Raw data:
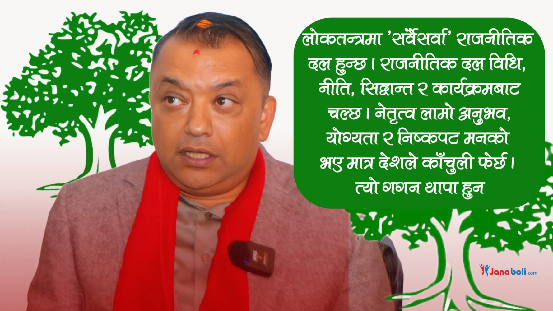 पार्टीको तल जरादेखि अनुभव बटुल्दै फल पाक्न पुगेको यो नेतृत्वलाई नेपालीले साथ दिएनौं भने नेपालले ठूलो मूल्य चुकाउँछ । भावी पुस्ताले धिक्कार्छ । किनकी राजतन्त्रमा सर्वैसर्वा राजा हुन्छ भने, लोकतन्त्रमा ‘सर्वैसर्वा’ राजनीतिक दल हुन्छ । राजनीतिक दल विधि, नीति, सिद्वान्त र कार्यक्रमबाट चल्छ । नेतृत्व लामो समयको अनुभव, योग्यता र पवित्र, निष्कपट मनबाट उत्कृष्ट बन्छ । लोकतन्त्रमा दलको प्रयोग, टीम परिचालन, उत्कृष्ट नीति तथा कार्यक्रम बनाउँन नसक्नेको हातमा देश पुग्यो भने, फेरि समय बर्बाद हुन्छ । यसैले अहिले नेपाली धर्ती उजिल्याउन सारा नेपाली गगनमा समाहित हुने समय हो ।’
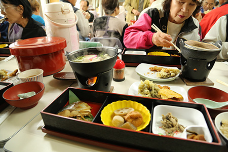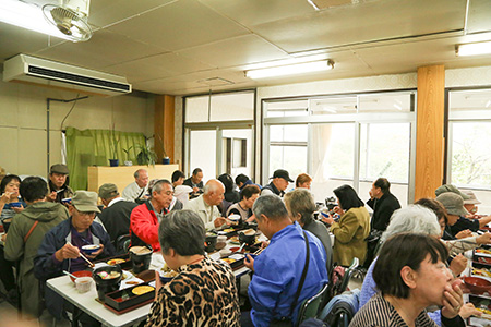 駅についた頃にはお昼時、旅の駅という食事処で昼食をとります。 舞茸の天ぷら、舞茸ご飯、舞茸のおひたしなど、舞茸尽くしの昼食を食べている皆さんの写真を撮り終え、私も昼食をいただきます。
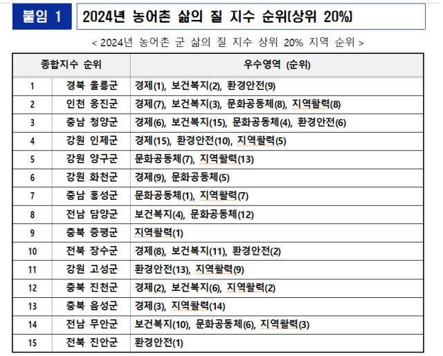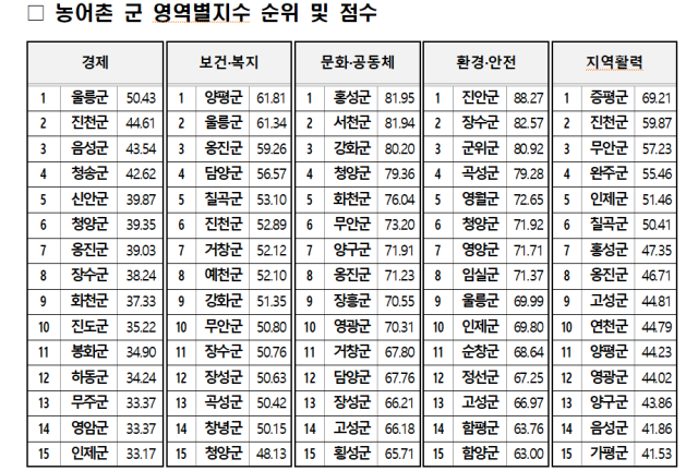 농어촌 군 지역의 영역별 우수 지자체로 △경제는 울릉군(50.73점), 진천군(44.61점), 음성군(43.54점) 순이고 △보건·복지는 양평군(61.81점), 울릉군(61.34점), 옹진군(59.26점) 순이었다. 또한 △문화·공동체는 홍성군(81.95점), 서천군(81.94점), 강화군(80.20점) 순이고 △환경·안전은 진안군(88.27점), 장수군(82.57점), 군위군(80.92점) 순, △지역활력은 증평군(69.21점), 진천군(59.87점), 무안군(57.23점) 순으로 나타났다.
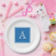 Add your initials or other text to customise this simple and modern Square Monogram Paper Plates in blue and white. These trendy and chic plates would be perfect for a simple and casual affair.

What you need to do: Everything from the line containing "駅についた頃にはお昼時、旅の" through the end of the data should be printed exactly, line for line, except the pictures.

Task output:
 駅についた頃にはお昼時、旅の駅という食事処で昼食をとります。 舞茸の天ぷら、舞茸ご飯、舞茸のおひたしなど、舞茸尽くしの昼食を食べている皆さんの写真を撮り終え、私も昼食をいただきます。
 농어촌 군 지역의 영역별 우수 지자체로 △경제는 울릉군(50.73점), 진천군(44.61점), 음성군(43.54점) 순이고 △보건·복지는 양평군(61.81점), 울릉군(61.34점), 옹진군(59.26점) 순이었다. 또한 △문화·공동체는 홍성군(81.95점), 서천군(81.94점), 강화군(80.20점) 순이고 △환경·안전은 진안군(88.27점), 장수군(82.57점), 군위군(80.92점) 순, △지역활력은 증평군(69.21점), 진천군(59.87점), 무안군(57.23점) 순으로 나타났다.
 Add your initials or other text to customise this simple and modern Square Monogram Paper Plates in blue and white. These trendy and chic plates would be perfect for a simple and casual affair.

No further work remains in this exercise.